• _DATA FOR REVIEW_:
------------------------------------------------------------

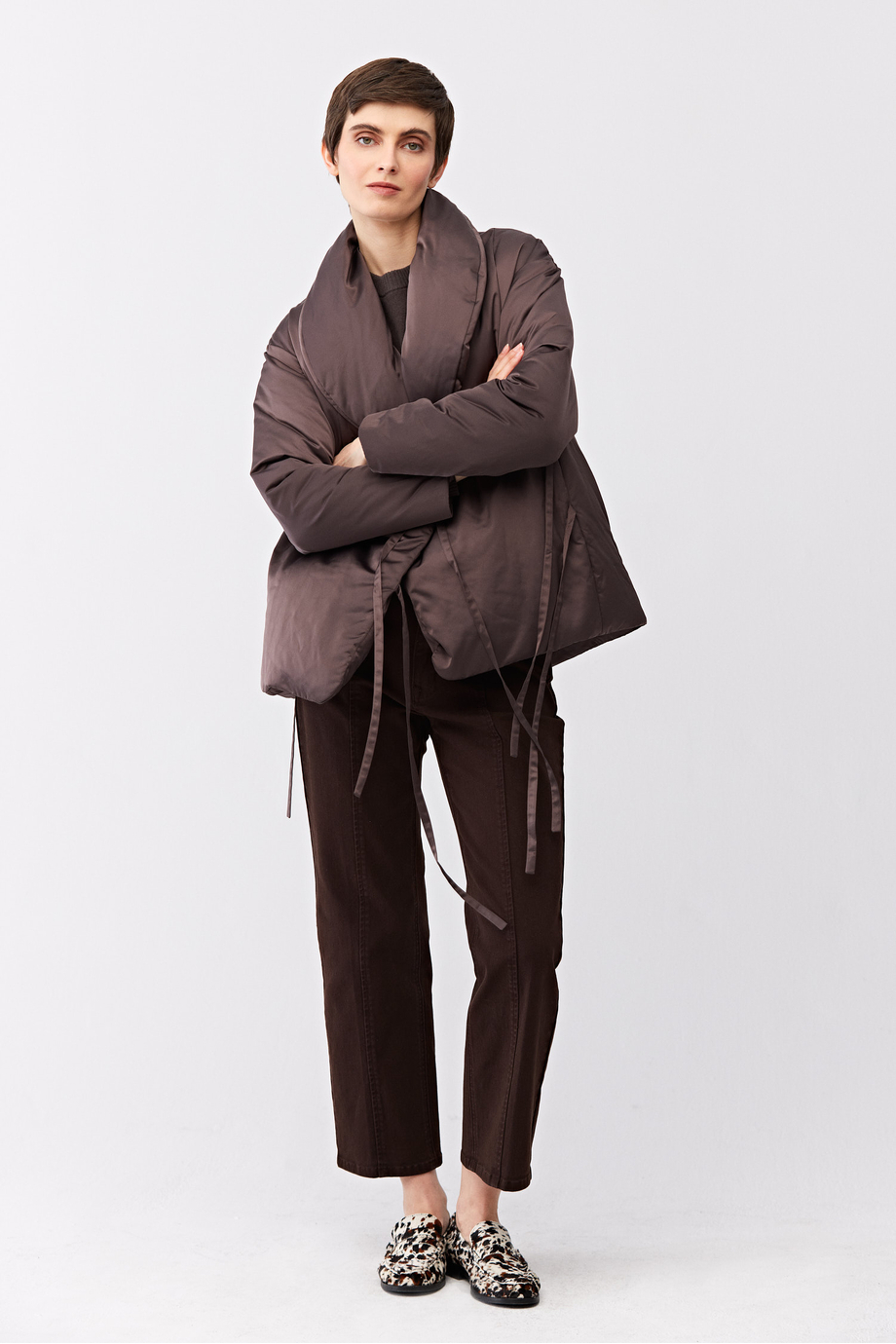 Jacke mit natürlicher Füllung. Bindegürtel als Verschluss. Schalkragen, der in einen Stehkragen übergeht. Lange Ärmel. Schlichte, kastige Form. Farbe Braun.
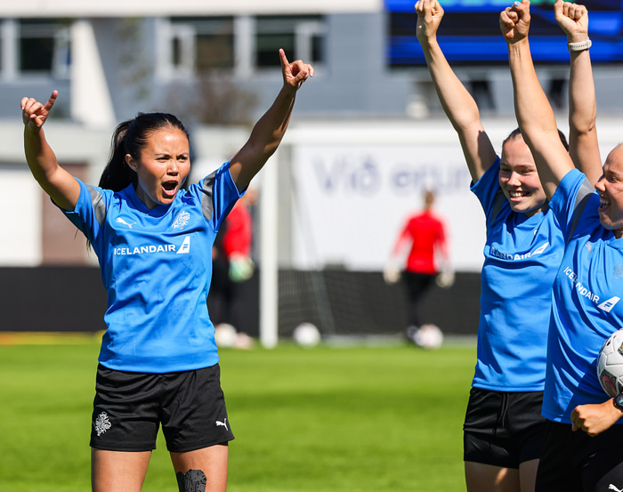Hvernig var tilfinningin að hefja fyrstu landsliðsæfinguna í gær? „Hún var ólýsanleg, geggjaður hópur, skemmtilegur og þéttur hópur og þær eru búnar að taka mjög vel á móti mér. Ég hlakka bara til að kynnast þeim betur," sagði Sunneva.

------------------------------------------------------------

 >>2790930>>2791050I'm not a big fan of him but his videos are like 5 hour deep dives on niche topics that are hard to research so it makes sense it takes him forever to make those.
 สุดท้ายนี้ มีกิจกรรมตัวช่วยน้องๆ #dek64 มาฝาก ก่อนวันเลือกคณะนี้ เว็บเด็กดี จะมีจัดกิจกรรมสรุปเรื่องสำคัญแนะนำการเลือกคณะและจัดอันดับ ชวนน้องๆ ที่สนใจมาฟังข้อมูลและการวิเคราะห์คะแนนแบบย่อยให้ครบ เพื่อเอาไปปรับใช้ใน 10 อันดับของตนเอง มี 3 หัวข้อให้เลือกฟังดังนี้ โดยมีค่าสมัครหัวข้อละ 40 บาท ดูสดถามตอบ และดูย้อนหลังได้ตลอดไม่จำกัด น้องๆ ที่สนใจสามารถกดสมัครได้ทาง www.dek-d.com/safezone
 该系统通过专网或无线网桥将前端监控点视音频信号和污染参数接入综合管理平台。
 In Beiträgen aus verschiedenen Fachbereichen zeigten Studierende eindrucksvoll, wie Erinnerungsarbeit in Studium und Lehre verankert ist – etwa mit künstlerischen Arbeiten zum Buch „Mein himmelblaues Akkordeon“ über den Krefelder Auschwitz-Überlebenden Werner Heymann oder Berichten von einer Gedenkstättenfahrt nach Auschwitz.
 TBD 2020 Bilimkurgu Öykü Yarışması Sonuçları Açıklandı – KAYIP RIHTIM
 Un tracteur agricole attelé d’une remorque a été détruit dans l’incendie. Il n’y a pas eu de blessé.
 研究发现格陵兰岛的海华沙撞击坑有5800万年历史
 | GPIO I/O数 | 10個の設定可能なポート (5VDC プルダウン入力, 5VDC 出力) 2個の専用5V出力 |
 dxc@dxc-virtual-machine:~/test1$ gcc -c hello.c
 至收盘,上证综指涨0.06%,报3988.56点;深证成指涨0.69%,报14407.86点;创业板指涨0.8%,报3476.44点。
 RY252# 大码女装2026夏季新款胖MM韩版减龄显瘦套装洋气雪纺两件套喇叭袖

------------------------------------------------------------

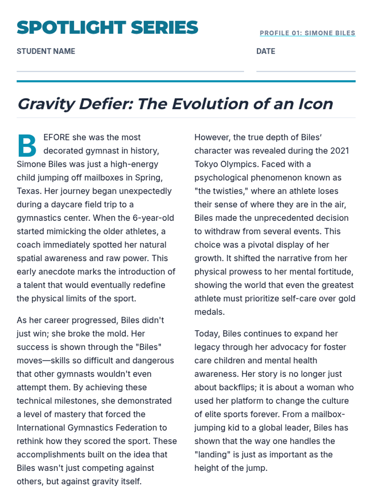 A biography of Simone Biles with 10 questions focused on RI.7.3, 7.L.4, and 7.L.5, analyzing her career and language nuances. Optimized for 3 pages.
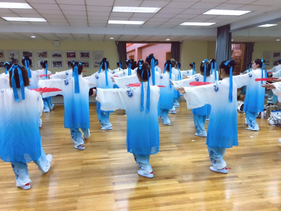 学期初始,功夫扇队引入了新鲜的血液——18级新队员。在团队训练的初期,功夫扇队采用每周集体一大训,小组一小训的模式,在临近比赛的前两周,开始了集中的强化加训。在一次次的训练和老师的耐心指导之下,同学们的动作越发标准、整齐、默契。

------------------------------------------------------------

• _WHAT THIS TASK INVOLVES_: Go to the line above that contains "Jacke mit natürlicher" and reproduce everything exactly from there through the line that contains "Hvernig var tilfinningin", leaving out the pictures.

• _RESPONSE BOX_:
 Jacke mit natürlicher Füllung. Bindegürtel als Verschluss. Schalkragen, der in einen Stehkragen übergeht. Lange Ärmel. Schlichte, kastige Form. Farbe Braun.
Hvernig var tilfinningin að hefja fyrstu landsliðsæfinguna í gær? „Hún var ólýsanleg, geggjaður hópur, skemmtilegur og þéttur hópur og þær eru búnar að taka mjög vel á móti mér. Ég hlakka bara til að kynnast þeim betur," sagði Sunneva.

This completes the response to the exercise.